As you process your data in this exercise, you’re looking to get overall trends, so you don’t need to worry much about individual days. Instead, find average values for the month. You can save the maximum, minimum, and mean values for the entire month and use those.

This means that to process each line of weather data, you need to:

  • Split the line into its separate fields, and ignore or discard the flags for each daily value.

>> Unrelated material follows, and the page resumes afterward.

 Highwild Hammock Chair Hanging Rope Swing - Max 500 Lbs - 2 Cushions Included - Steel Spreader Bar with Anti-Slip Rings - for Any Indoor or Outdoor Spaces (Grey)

  • Remove the values with -9999, and convert the year and month into ints and the temperature values into floats, keeping in mind that the temperature readings are in tenths of degrees centigrade.

  • Calculate the average value, and pick out the high and low values.

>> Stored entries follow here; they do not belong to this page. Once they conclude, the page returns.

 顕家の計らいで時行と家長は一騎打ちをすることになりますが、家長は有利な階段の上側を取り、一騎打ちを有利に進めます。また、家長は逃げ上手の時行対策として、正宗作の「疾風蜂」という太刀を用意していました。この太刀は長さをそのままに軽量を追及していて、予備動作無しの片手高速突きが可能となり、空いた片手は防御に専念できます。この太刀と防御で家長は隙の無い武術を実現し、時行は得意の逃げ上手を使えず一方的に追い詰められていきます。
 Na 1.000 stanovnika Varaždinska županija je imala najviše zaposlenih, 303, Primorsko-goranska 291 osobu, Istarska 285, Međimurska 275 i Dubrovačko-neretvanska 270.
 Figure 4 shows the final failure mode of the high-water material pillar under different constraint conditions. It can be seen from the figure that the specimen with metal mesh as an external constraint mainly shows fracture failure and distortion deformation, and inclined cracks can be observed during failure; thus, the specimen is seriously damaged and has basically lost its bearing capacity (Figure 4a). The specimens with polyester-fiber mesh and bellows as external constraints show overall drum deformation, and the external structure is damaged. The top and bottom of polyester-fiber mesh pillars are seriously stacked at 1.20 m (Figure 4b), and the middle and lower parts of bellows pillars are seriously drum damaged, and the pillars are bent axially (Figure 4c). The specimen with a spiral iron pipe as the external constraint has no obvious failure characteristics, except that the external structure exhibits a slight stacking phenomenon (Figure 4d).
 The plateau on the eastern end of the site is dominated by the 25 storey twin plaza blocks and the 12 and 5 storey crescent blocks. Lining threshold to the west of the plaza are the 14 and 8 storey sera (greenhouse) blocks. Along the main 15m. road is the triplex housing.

To accomplish all these tasks, you can take a couple of approaches. You could do several passes over the data, splitting into fields, discarding the placeholders, converting strings to numbers, and finally calculating the summary values. Or you can write a function that performs all of these operations on a single line and do everything in one pass. Both approaches can be valid. In this case, take the latter approach and create a parse_line function to perform all of your data transformations:

def parse_line(line):
    """ parses line of weather data
        removes values of -9999 (missing value)
    """

    # return None if line is empty
    if not line:
        return None

    # split out first 4 fields and string containing temperature values
    record, temperature_string = (line[:11], int(line[11:15]),
     int(line[15:17]), line[17:21]), line[21:]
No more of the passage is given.